Required work:
Each line from the one containing "100 까지의 홀수의" through the last line of the data below should be printed exactly, please, with any pictures omitted.

Given data:
================

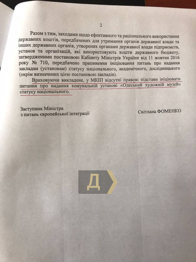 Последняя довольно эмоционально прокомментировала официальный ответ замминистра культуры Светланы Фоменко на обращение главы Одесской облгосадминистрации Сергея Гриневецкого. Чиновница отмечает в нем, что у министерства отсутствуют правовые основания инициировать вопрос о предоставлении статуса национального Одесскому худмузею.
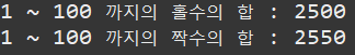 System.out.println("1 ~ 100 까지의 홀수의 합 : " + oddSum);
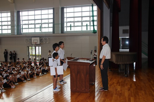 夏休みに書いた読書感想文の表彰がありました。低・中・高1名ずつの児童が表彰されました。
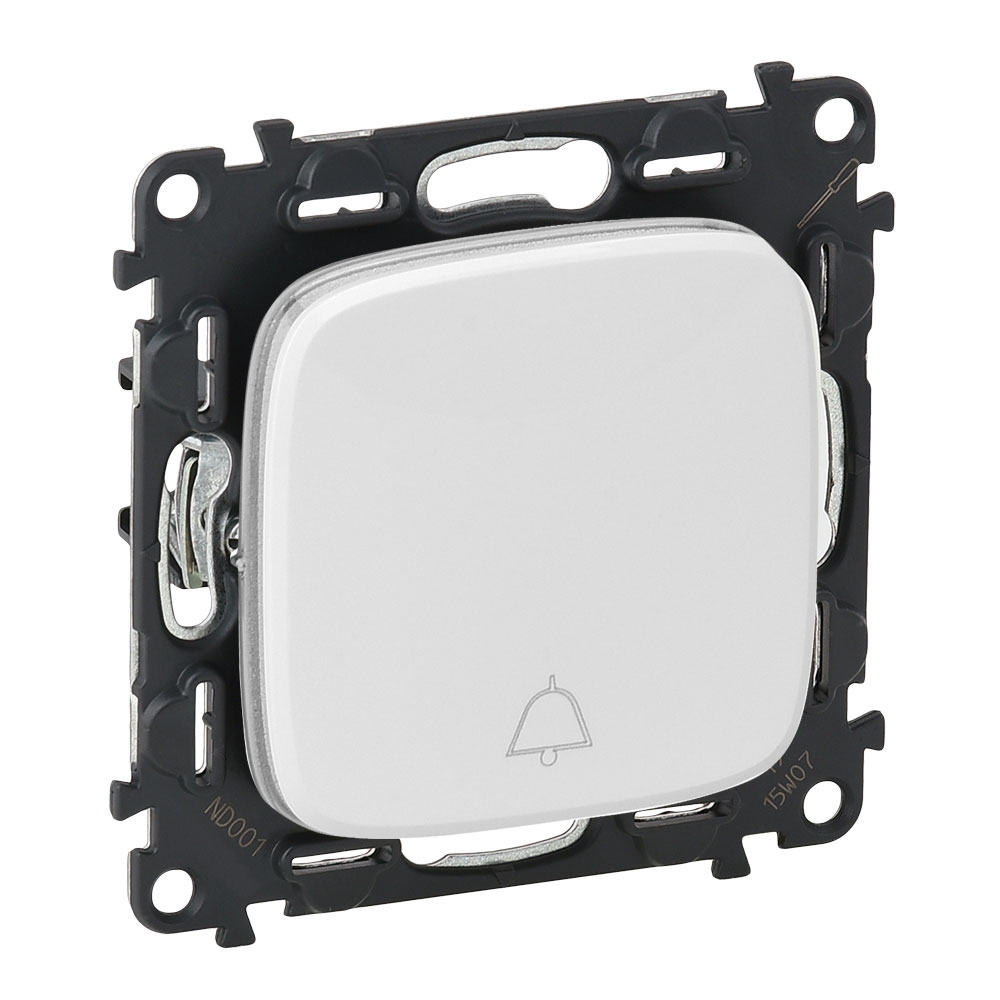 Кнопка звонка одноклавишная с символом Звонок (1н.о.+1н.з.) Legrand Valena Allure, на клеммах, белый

================

Response to this task:
 System.out.println("1 ~ 100 까지의 홀수의 합 : " + oddSum);
 夏休みに書いた読書感想文の表彰がありました。低・中・高1名ずつの児童が表彰されました。
 Кнопка звонка одноклавишная с символом Звонок (1н.о.+1н.з.) Legrand Valena Allure, на клеммах, белый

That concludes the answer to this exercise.